C: strtok 返回第一个值,然后返回 NULL
我只是想返回字符串中的每个单词,但 strtok 返回第一个单词,然后立即返回 null:
int main(int argc, char *argv[]) {
// Get the interesting file contents
char *filestr = get_file(argv[1]);
printf("%s\n", filestr);
char *word;
word = strtok(filestr, ";\"'-?:{[}](), \n");
while (word != NULL) {
word = strtok(NULL, ";\"'-?:{[}](), \n");
printf("This was called. %s\n", word);
}
exit(0);
}
get_file 只是打开指定的路径并将文件的内容作为字符串返回。上面显示的 printf("%s\n", filestr);
命令成功打印出任何给定文件的全部内容。因此,我不认为 get_file() 是问题所在。
如果我在 char test[] = "this is a test string" 而不是 filestr 上调用 strtok,那么它会正确返回每个单词。但是,如果我将 get_file() 获取的文件内容设置为“这是一个字符串”,那么它会返回“this”,然后返回 (null)。
根据请求,以下是 get_file() 的代码:
// Take the path to the file as a string and return a string with all that
// file's contents
char *get_file (char *dest) {
// Define variables that will be used
size_t length;
FILE* file;
char* data;
file = fopen(dest, "rb");
// Go to end of stream
fseek(file, 0, SEEK_END);
// Set the int length to the end seek value of the stream
length = ftell(file);
// Go back to the beginning of the stream for when we actually read contents
rewind(file);
// Define the size of the char array str
data = (char*) malloc(sizeof(char) * length + 1);
// Read the stream into the string str
fread(data, 1, length, file);
// Close the stream
fclose(file);
return data;
}
I am simply trying to return every word in a string, but strtok returns the first word and then immediately null thereafter:
int main(int argc, char *argv[]) {
// Get the interesting file contents
char *filestr = get_file(argv[1]);
printf("%s\n", filestr);
char *word;
word = strtok(filestr, ";\"'-?:{[}](), \n");
while (word != NULL) {
word = strtok(NULL, ";\"'-?:{[}](), \n");
printf("This was called. %s\n", word);
}
exit(0);
}
get_file simply opens the specified path and returns the file's contents as a string. The printf("%s\n", filestr);
command shown above successfully prints out the entirety of any given file. Hence, I do not think get_file() is the problem.
If I call strtok on char test[] = "this is a test string"
instead of filestr, then it correctly returns each of the words. If, however, I make the contents of the file gotten by get_file() to be "this is a string," then it returns "this" and then (null).

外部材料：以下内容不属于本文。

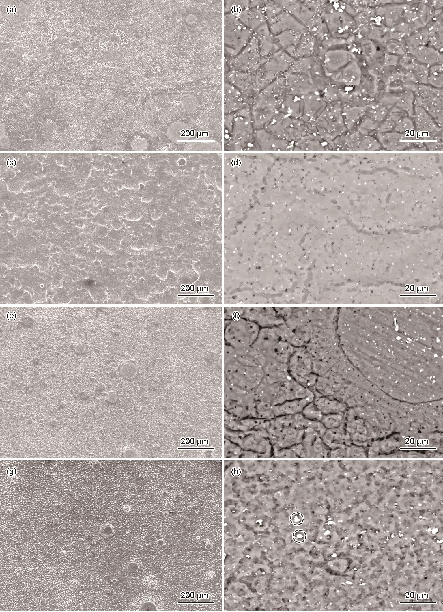 Fig.6 Surface corrosion morphologies of the extruded EW75 Mg-alloy after exposure in Shenyang atmosphere for different durations and then removing corrosion products: (a, b) 1 month, (c, d) 3 months, (e, f) 6 months, (g, h) 12 months |

By request, here is the code for get_file():
// Take the path to the file as a string and return a string with all that
// file's contents
char *get_file (char *dest) {
// Define variables that will be used
size_t length;
FILE* file;
char* data;
file = fopen(dest, "rb");
// Go to end of stream
fseek(file, 0, SEEK_END);
// Set the int length to the end seek value of the stream
length = ftell(file);
// Go back to the beginning of the stream for when we actually read contents
rewind(file);
// Define the size of the char array str
data = (char*) malloc(sizeof(char) * length + 1);
// Read the stream into the string str
fread(data, 1, length, file);
// Close the stream
fclose(file);
return data;
}
如果你对这篇内容有疑问,欢迎到本站社区发帖提问 参与讨论,获取更多帮助,或者扫码二维码加入 Web 技术交流群。
绑定邮箱获取回复消息
由于您还没有绑定你的真实邮箱,如果其他用户或者作者回复了您的评论,将不能在第一时间通知您!
发布评论
评论(1)
您是否传递了一个包含空字符的二进制文件?
get_file () 正确返回字符缓冲区,但是(例如),如果我给你的函数一个 .png 文件,缓冲区看起来像这样
(gdb) p data[0] @32
$5 = "\211PNG\r\n\032\n\000\000\000\rIHDR\000\000\003\346\000\000\002\230\b\006\000\000\000\376? ”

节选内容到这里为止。